### Source information

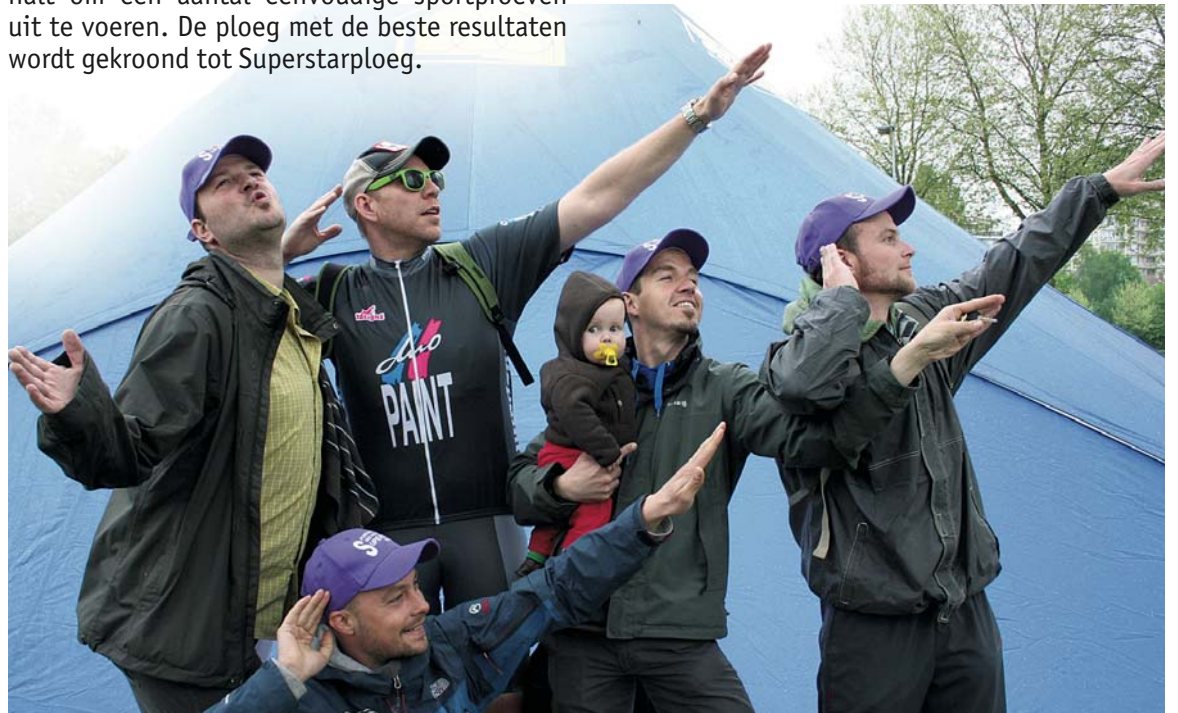
Geniet samen met vrienden en familie van een gezellige sportdag tijdens Superstar op Wielen.

De succesformule van Superstar op Wielen is niet gewijzigd. Groepjes van minimaal 5 personen vertrekken tussen 10 en 13 uur aan het Sportcentrum Osbroek voor een tocht van 25 of 45 km. In de deelgemeenten houden de fietsers halt om een aantal eenvoudige sportproeven uit te voeren. De ploeg met de beste resultaten wordt gekroond tot Superstarploeg.
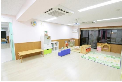
ももの部屋(乳児室) 南側、西側に窓があり明るく景色のよい部屋です。南側のベランダより、避難滑り台に避難することができます。
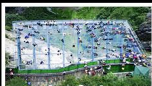
ระเบียงแก้วอยู่เฉย
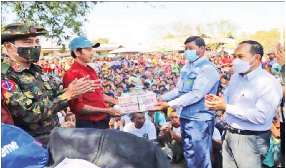
စစ်ကိုင်းတိုင်းဒေသကြီးတွင် နေအိမ်မီးရှို့ခံရသည့်ပြည်သူများအား အစိုးရတာဝန်ရှိသူများနှင့် လုံခြုံရေး တပ်ဖွဲ့ဝင်များက စားသောက်ဖွယ်ရာများ ထောက်ပံ့ပေးအပ်စဉ်။

နိုင်ငံတော်စီမံအုပ်ချုပ်ရေးကောင်စီ သတင်းထုတ်ပြန်ရေးအဖွဲ့
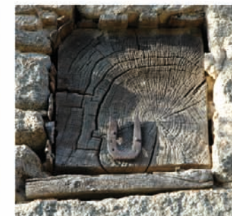
Symbolique dans la maison d'habitation : Linteau sculpté et poutre en bois ornée d'un fer à cheval
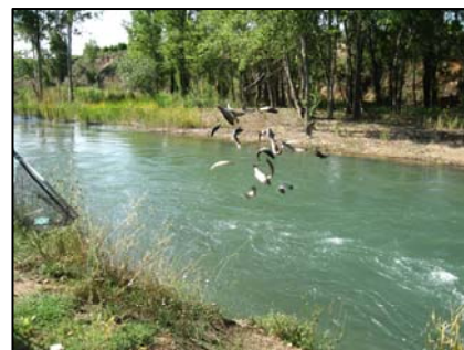
Foto. Suelta de ejemplares en el Turia

En 2011, el personal adscrito al Servicio de Biodiversidad realizó, en colaboración con la Oficina del Parque, una campaña de pesca eléctrica a fin de detectar la presencia de dichas especies a lo largo del tramo de río Turia adscrito al Parque.
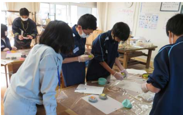
高島会員『製鉄所内エコな仕事』
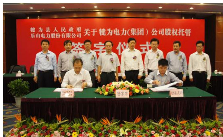
图五：犍为县政府与公司签署犍为电力集团股权托管协议

为深入贯彻落实四川省电力公司与乐山市政府签订了《关于加快推进乐山两化互动、促进乐山更快更好发展的战略合作协议》，公司积极与市、县两级政府沟通协商，分别于2012年4月和8月与犍为和峨边县政府签订了犍为电力集团股份有限公司和峨边大渡河电力股份有限公司的《股权委托管理协议书》。公司在签订《协议书》后认真履行托管职责，积极主动与两托管公司对接。公司以托管为契机，坚持以市场和效益为中心，以防范企业经营风险和市场风险为重点，加大经营管理力度，加强规范管理，理顺委托管理权责关系，促进了公司与托管公司的共同发展。
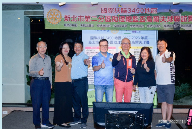
榮獲 AG 盃-團體賽亞軍

######

**Aim of the exercise**: Each line from the one containing "နိုင်ငံတော်စီမ" through the final line of the data must be reproduced exactly, both ends included, with no pictures in the copy.

**Response to this exercise**:
နိုင်ငံတော်စီမံအုပ်ချုပ်ရေးကောင်စီ သတင်းထုတ်ပြန်ရေးအဖွဲ့
Symbolique dans la maison d'habitation : Linteau sculpté et poutre en bois ornée d'un fer à cheval
Foto. Suelta de ejemplares en el Turia

En 2011, el personal adscrito al Servicio de Biodiversidad realizó, en colaboración con la Oficina del Parque, una campaña de pesca eléctrica a fin de detectar la presencia de dichas especies a lo largo del tramo de río Turia adscrito al Parque.
高島会員『製鉄所内エコな仕事』
图五：犍为县政府与公司签署犍为电力集团股权托管协议

为深入贯彻落实四川省电力公司与乐山市政府签订了《关于加快推进乐山两化互动、促进乐山更快更好发展的战略合作协议》，公司积极与市、县两级政府沟通协商，分别于2012年4月和8月与犍为和峨边县政府签订了犍为电力集团股份有限公司和峨边大渡河电力股份有限公司的《股权委托管理协议书》。公司在签订《协议书》后认真履行托管职责，积极主动与两托管公司对接。公司以托管为契机，坚持以市场和效益为中心，以防范企业经营风险和市场风险为重点，加大经营管理力度，加强规范管理，理顺委托管理权责关系，促进了公司与托管公司的共同发展。
榮獲 AG 盃-團體賽亞軍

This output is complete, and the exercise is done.